ZiPS is a projection system created by Dan Szymborski of Baseball Think Factory used for predicting season's end numbers by utilizing recent (and in this case, also minor league) data while adjusting for aging trends based on similar players.
According to ZiPS, Springer projects to hit the following: 493 plate appearances, 72 runs, 26 home runs, 74 RBI, 17 steals, and a .238 average.
A High Ceiling
Okay, I know you're not impressed yet, but bear with me. His shortened season last year weighed heavily on both projections, and ZiPS had him playing only 113 games next year, which I think is gross underestimation. Last year's injury-shortened season definitely skewed the results, but it should not have.
He's had over six months to recover from his strained quad and dating all the way back to high school he's only ever missed, at most, a handful of games in any year. If he puts up the kind of numbers we're projecting, there should be no reason to take him out of the lineup. The Astros know he is a future star of their franchise and were gladly trotting out Chris Carter -- and his .227 average -- last year for the third most plate appearances on the team.
Indeed, with the exception of Altuve, their starting lineup looks like it was amassed by some Sabermetric obsessed madman who think batting average is as useless a stat as time of possession for a relief pitcher.
So I'm tweaking his ZiPS line to see how he'd project if he played every game in 2015.
In 162 games, we'd see him hit 37 home runs, 103 runs, 106 runs batted in, 24 steals, and a .238 batting average in 707 plate appearances.
*drools onto laptop*
The .238 average is glaring, but it's hard to take your eyes off of that super-sexy 100+/35+/100+/20+ line. If he put up those numbers last year, he would have finished fifth in the Majors in runs, second in home runs, sixth in runs batted in, and 22nd in steals.
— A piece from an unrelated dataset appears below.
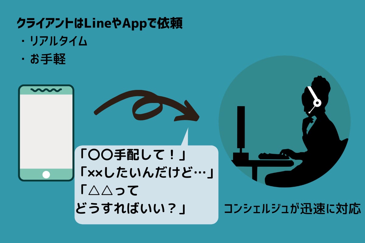 コンシェルジュへの依頼は、Line公式アカウントやApp(未定)でメッセージを送るだけ。

The 707 plate appearances, if we assume 162 games, is about as accurate as you can get. Altuve had 707 in 158 games last year. If he had played in every game, that would have been 725 plate appearances. The number two hitter typically has between 15 to 20 fewer overall plate appearances than the leadoff hitter, so that makes sense.
However, the Astros look even better than last year, so that number could even increase. For my own projections, he likely won't play all 162 games next year (only four hitters did that last year), so we'll knock that number down and adjust his overall plate appearances by giving him some games off. It's not unrealistic to think he can play 148 games, which would have tied him at 24th among outfielders last year, a pretty modest total.
Since he's batting in the two-spot this year, I think 106 runs batted in is a bit optimistic, but his runs scored should increase. I also think he'll improve in average once his BABIP inches close to his minor league career norm.
In 148 games, he could realistically manage to put up 101 runs, 32 home runs, 88 runs batted in, and 21 stolen bases while hitting .256.
Even with some disagreement on how many plate appearances he will actually get, I can't stop fawning over the guy. The ceiling is too high.
If you're yet to draft, target him. If you were lucky enough to already score him on one of your teams, you should be confident. If you haven't, he's someone you should be exploring in trade talks.